_ASSIGNMENT_
With the pictures left out, restate exactly the part below that opens with the line containing "主翼に0.6ミリの穴を開け、" and closes with the line containing "6d12 BALMAIN バルマン".

_MATERIAL FOR THE TASK_
Content starts

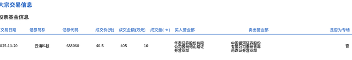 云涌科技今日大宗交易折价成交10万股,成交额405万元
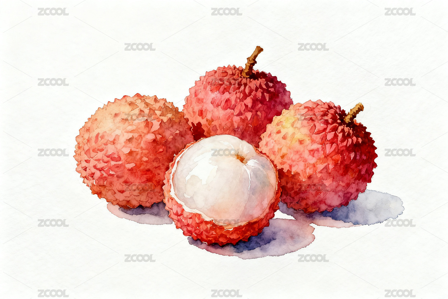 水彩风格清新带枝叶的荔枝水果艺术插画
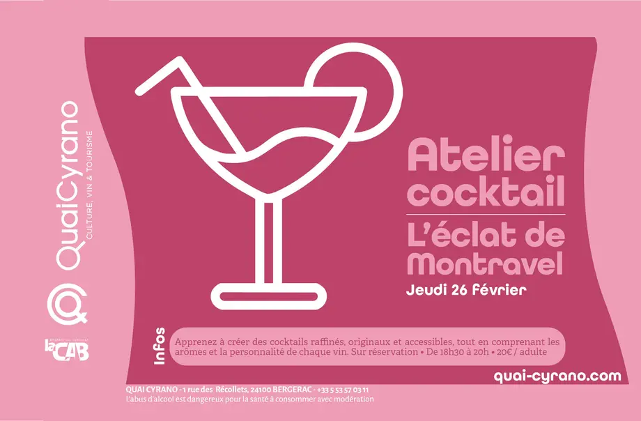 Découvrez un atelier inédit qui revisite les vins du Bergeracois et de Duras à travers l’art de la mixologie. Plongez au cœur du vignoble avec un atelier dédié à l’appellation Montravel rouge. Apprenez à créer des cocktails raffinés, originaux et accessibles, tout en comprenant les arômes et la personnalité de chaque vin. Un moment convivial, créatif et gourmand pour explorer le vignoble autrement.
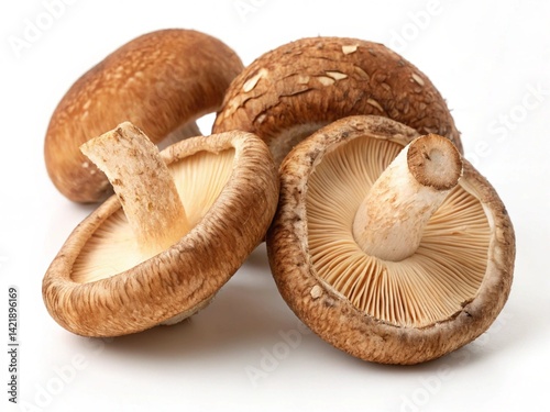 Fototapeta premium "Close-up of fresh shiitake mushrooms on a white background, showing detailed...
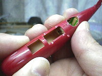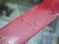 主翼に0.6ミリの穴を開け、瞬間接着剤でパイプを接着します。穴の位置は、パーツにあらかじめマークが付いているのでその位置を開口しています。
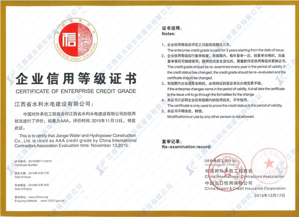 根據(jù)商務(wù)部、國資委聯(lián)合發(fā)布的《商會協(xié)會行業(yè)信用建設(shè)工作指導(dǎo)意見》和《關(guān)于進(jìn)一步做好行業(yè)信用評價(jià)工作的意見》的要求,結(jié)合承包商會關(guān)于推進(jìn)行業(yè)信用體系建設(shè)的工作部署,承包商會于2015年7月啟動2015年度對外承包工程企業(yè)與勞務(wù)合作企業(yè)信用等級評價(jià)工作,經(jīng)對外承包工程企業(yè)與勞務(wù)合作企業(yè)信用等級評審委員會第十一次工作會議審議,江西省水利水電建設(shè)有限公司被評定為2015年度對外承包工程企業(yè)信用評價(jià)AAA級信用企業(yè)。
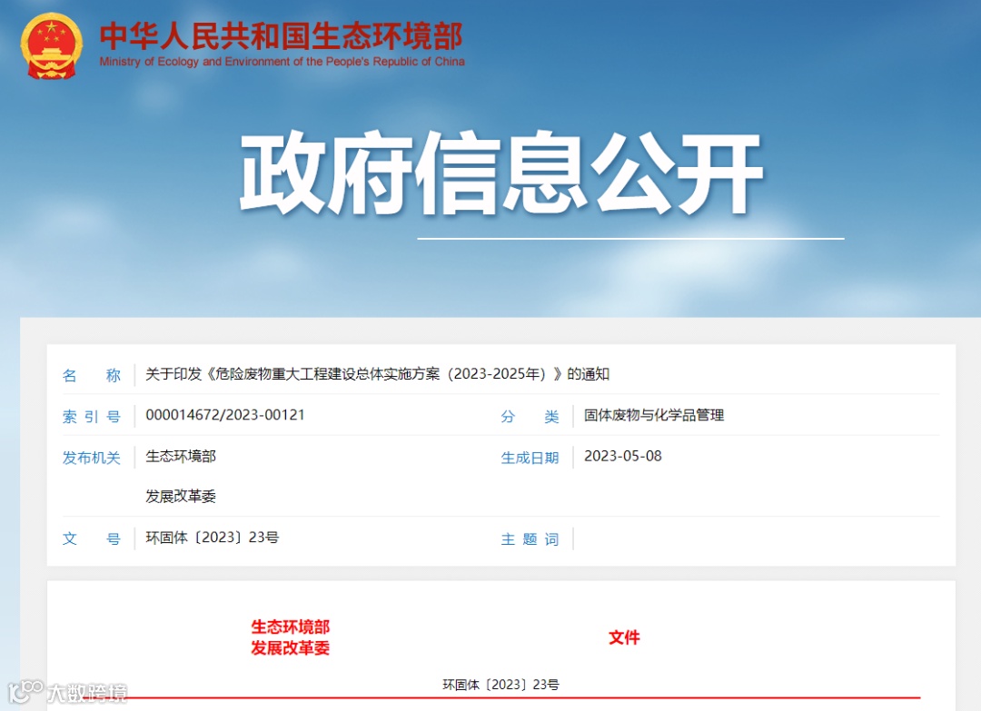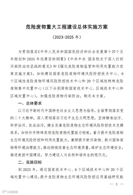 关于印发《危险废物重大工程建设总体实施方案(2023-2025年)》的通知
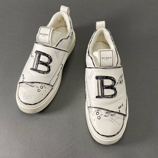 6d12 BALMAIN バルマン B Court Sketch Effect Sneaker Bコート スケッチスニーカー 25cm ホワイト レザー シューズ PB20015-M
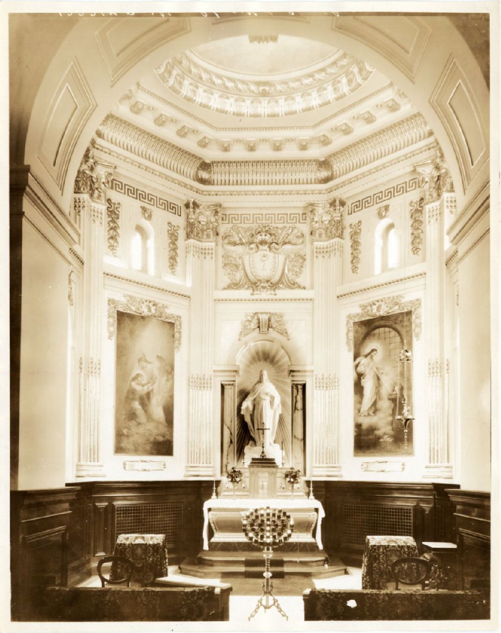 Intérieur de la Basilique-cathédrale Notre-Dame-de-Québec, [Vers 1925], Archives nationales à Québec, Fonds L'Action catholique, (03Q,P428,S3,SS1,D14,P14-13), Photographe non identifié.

Content ends
Content starts

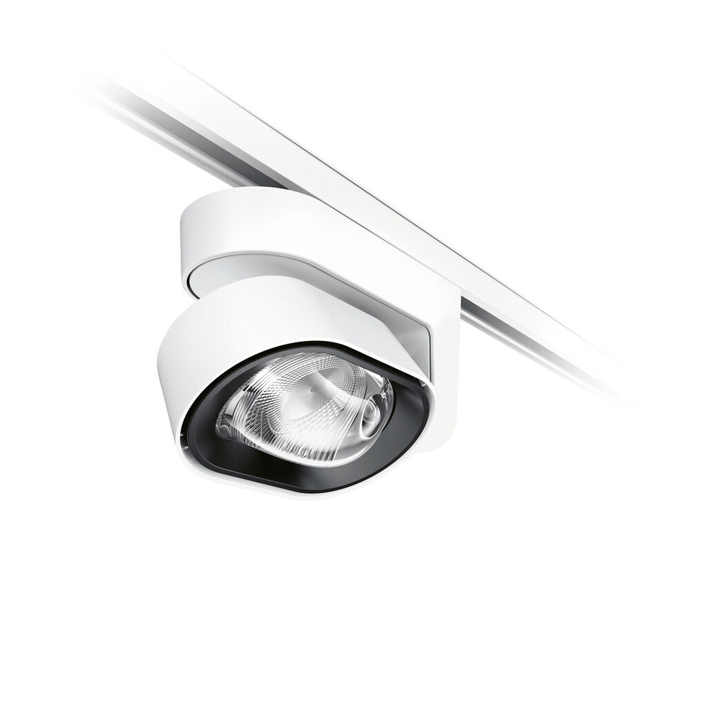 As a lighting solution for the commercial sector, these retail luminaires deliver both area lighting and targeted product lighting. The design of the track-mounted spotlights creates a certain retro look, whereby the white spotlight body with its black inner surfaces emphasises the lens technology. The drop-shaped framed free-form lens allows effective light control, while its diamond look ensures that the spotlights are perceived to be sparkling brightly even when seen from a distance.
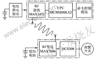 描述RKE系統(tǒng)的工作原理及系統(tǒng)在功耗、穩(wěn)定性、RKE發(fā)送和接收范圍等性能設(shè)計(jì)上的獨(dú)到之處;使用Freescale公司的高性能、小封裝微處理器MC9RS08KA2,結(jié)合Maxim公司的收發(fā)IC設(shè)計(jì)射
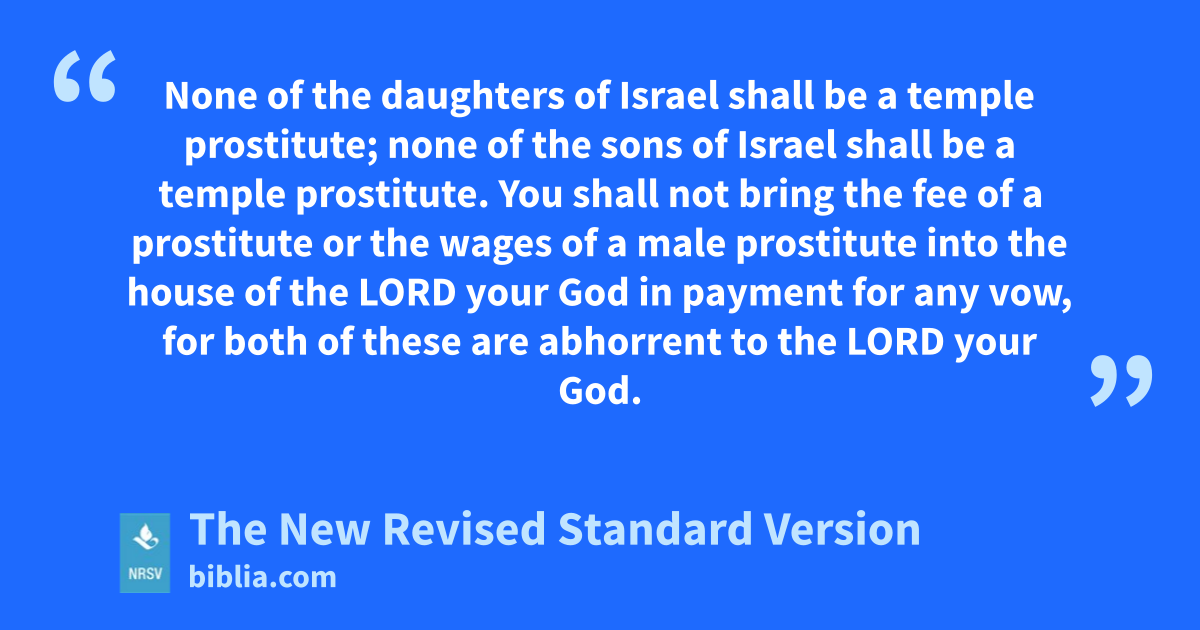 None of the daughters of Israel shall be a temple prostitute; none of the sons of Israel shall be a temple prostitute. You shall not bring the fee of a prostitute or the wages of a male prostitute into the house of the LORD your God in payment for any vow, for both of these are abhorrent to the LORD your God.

Content ends

_RESPONSE BELOW_
 主翼に0.6ミリの穴を開け、瞬間接着剤でパイプを接着します。穴の位置は、パーツにあらかじめマークが付いているのでその位置を開口しています。
 根據(jù)商務(wù)部、國資委聯(lián)合發(fā)布的《商會協(xié)會行業(yè)信用建設(shè)工作指導(dǎo)意見》和《關(guān)于進(jìn)一步做好行業(yè)信用評價(jià)工作的意見》的要求,結(jié)合承包商會關(guān)于推進(jìn)行業(yè)信用體系建設(shè)的工作部署,承包商會于2015年7月啟動2015年度對外承包工程企業(yè)與勞務(wù)合作企業(yè)信用等級評價(jià)工作,經(jīng)對外承包工程企業(yè)與勞務(wù)合作企業(yè)信用等級評審委員會第十一次工作會議審議,江西省水利水電建設(shè)有限公司被評定為2015年度對外承包工程企業(yè)信用評價(jià)AAA級信用企業(yè)。
 关于印发《危险废物重大工程建设总体实施方案(2023-2025年)》的通知
 6d12 BALMAIN バルマン B Court Sketch Effect Sneaker Bコート スケッチスニーカー 25cm ホワイト レザー シューズ PB20015-M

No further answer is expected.